**Your assignment:**
In the answer, each line from the top of the material through the line that contains "大寺 ねるねさんの地格は10画の1点!" is restated exactly. No picture is given again.

**Data excerpt:**
_ _ _ _
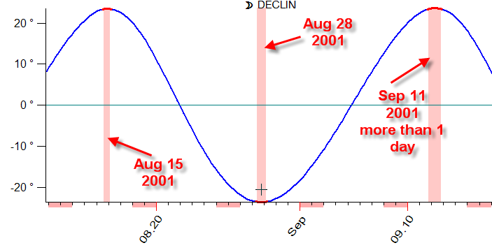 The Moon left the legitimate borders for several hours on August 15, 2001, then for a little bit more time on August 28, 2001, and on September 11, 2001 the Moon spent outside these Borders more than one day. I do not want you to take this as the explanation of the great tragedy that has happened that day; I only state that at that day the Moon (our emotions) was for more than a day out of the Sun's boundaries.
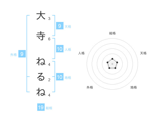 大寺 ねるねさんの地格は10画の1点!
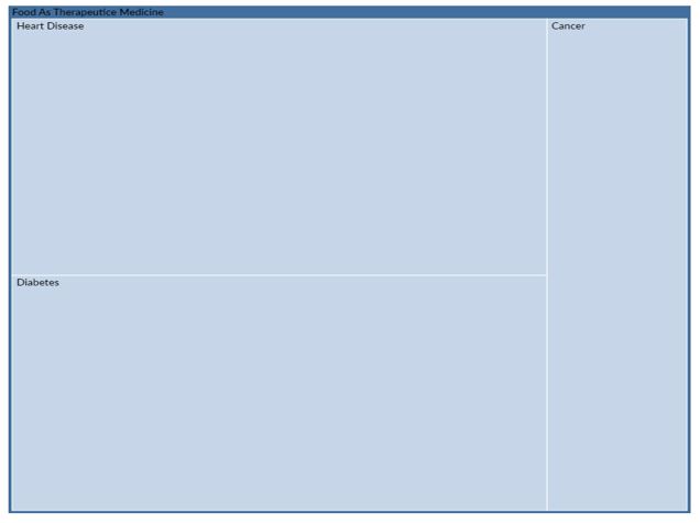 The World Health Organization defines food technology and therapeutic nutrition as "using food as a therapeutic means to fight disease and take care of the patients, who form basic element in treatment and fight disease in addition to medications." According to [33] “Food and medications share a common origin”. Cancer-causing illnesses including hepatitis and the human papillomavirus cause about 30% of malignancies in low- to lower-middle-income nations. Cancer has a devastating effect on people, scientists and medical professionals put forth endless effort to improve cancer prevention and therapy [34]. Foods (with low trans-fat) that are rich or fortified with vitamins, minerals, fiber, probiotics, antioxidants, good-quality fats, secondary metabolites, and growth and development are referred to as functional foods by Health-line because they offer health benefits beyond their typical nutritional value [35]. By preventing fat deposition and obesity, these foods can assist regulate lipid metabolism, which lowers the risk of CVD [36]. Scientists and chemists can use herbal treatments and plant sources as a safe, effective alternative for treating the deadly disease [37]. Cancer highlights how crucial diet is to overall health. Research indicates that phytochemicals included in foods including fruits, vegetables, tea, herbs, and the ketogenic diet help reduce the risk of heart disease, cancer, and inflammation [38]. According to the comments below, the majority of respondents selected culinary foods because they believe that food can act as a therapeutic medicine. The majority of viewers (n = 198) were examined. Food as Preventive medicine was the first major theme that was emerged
_ _ _ _
**Output:**
 The Moon left the legitimate borders for several hours on August 15, 2001, then for a little bit more time on August 28, 2001, and on September 11, 2001 the Moon spent outside these Borders more than one day. I do not want you to take this as the explanation of the great tragedy that has happened that day; I only state that at that day the Moon (our emotions) was for more than a day out of the Sun's boundaries.
 大寺 ねるねさんの地格は10画の1点!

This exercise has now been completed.